Exclusively breastfed babies often have a yellow poop at three months. It is not strange for their poop to have a brownish or greenish tint. It may also be liquidy or watery in texture. The appearance is healthy and should not cause you worries. For instance, a green-tinted poop may be as a result of what you have eaten.

If your baby is formula-fed, at three months, he should have a poop that is paste-like, with a peanut-butter resemblance. The poop may occasionally have tints of green. This is usually as a result of the iron-fortification and is healthy. Formula-fed babies typically have smellier poop than their breastfed counterpart.

Read:When do babies feed themselves?

When you should be worried about your baby’s poop


If you notice your baby has a very frequent bowel movement, his poop has a watery or mucus texture, and has a lack of appetite or is feverish; then your baby may have diarrhoea.

Diarrhoea may be caused by:

  • Rotavirus – one of the common causes of diarrhoea in babies and toddler, but symptoms can easily be mitigated by early vaccination.
  • Parasites – micro-organic parasites like giardia can easily be picked up by babies when they insert contaminated objects or toys in their mouth. These parasites can infect the intestine, causing runny stool.
  • Milk allergy – Babies can get allergic to lactose and other proteins found in milk. This condition can cause bloody stool and diarrhoea in babies. It is an abnormal immune system response to dairy products.
  • Babies taking antibiotics may have mild diarrhoea. Antibiotics can eliminate the benign bacteria in your baby’s gut, causing watery poop.

Diarrhoea in babies can be treated by increasing your baby’s fluid intake (whether breast milk or formula). As per the advice of your doctor, you can supplement it with an oral rehydration solution.


When your baby loses more fluid than he consumes, then he is said to have dehydration. Babies can use up fluid very quickly. So be cautious if your baby displays the following signs: parched lips, dry mouth, fussiness, infrequent wetting of diapers, dry tears, lack of appetite and sunken fontanelles.

To treat your baby’s dehydration, breastfeed him more often. If your baby is formula-fed, continue feeding him as usual. If he vomits, contact your doctor. Oral rehydration solution should be given per your doctor’s instruction.


One common symptom of constipation is a hard pellet-like poop. Other signs include bloody or black poop, infrequent bowel movement, bloating, lack of appetite and a sign of discomfort when passing poop. Formula-fed babies are more prone to bouts of constipation. Constipation can be caused by teething or dietary adjustment (if the baby is weaned).

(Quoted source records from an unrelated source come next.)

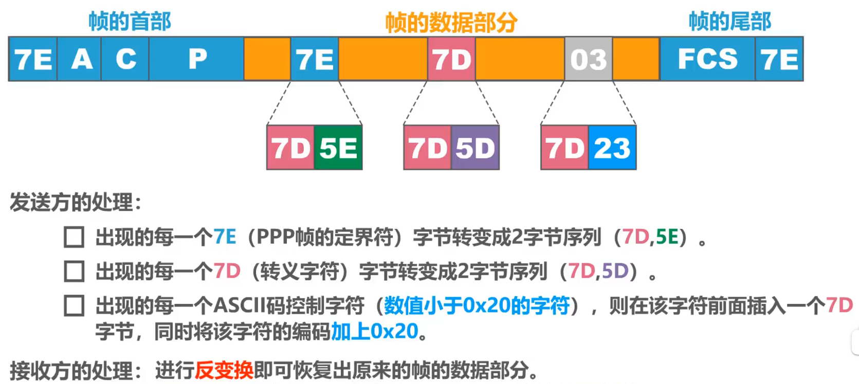 透明传输——面向字节的异步链路采用插入转义字符的字节填充法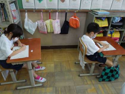 2学期から始まった漢字学習。お家でも宿題でしっかりと練習し,覚えています。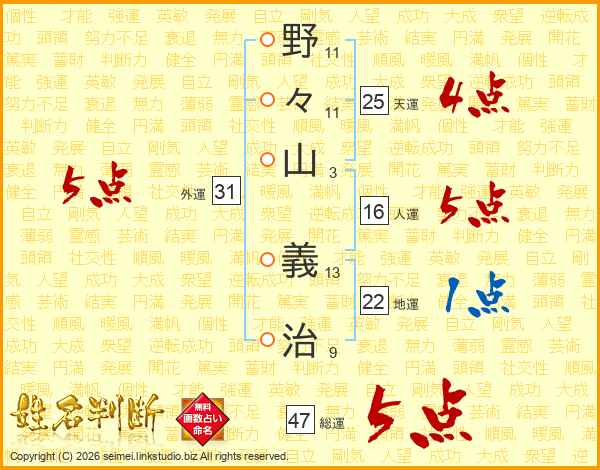 野々山義治さんの総運は47画の5点!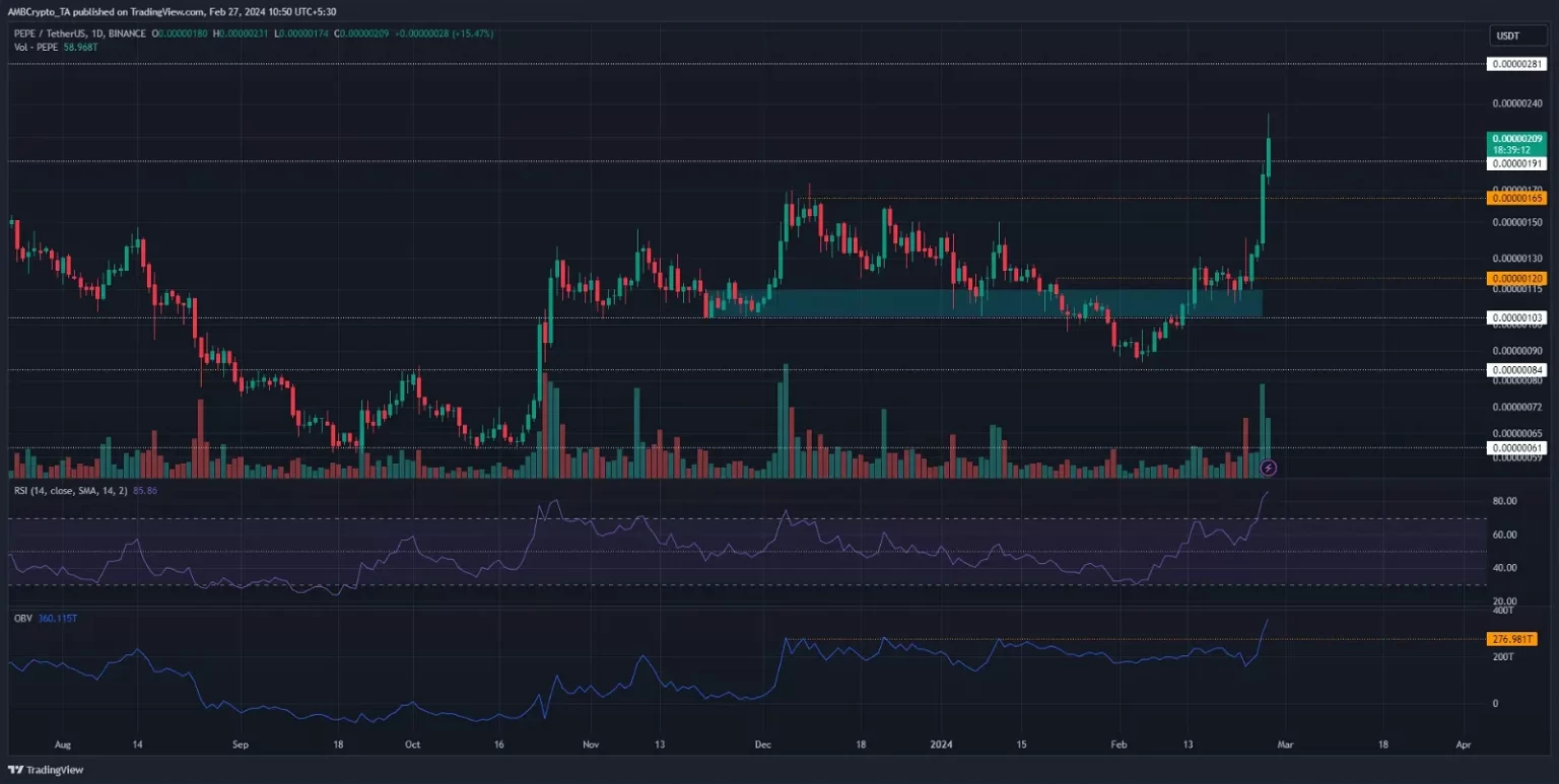 El OBV logró superar los máximos registrados en diciembre. Esta fue una fuerte señal de que el PEPE probablemente continuaría subiendo. Sin embargo, no descarta la posibilidad de un retroceso al soporte de $0.00000165.

One of the ways of relieving constipation in babies is through exercise. Exercise can stimulate the baby’s bowel. You should also increase your baby’s fluid intake and occasionally massage him.

Biliary atresia

Immediately contact your doctor, if you notice a poop that has chalky grey or white clay colour in your baby’s diaper. It may be a sign of biliary atresia, a severe liver disorder. Accompanying symptoms of biliary atresia include jaundice, dark urine and weight loss. It occurs due to the blockage of the liver.

Read: How Can I Build My Baby Immune System?


A vital way of monitoring your baby’s health is through diaper inspection. Understandably, parents tend to be worried and concerned about the consistency and texture or colour of their babies’ poop. Whatever your baby eats will affect the overall look of his poop. A change in the way your the appearance of your baby’s poop should not frighten you. It is healthy. On very few occasions, it may signify an anomaly. In that case, you should seek your doctor’s counsel.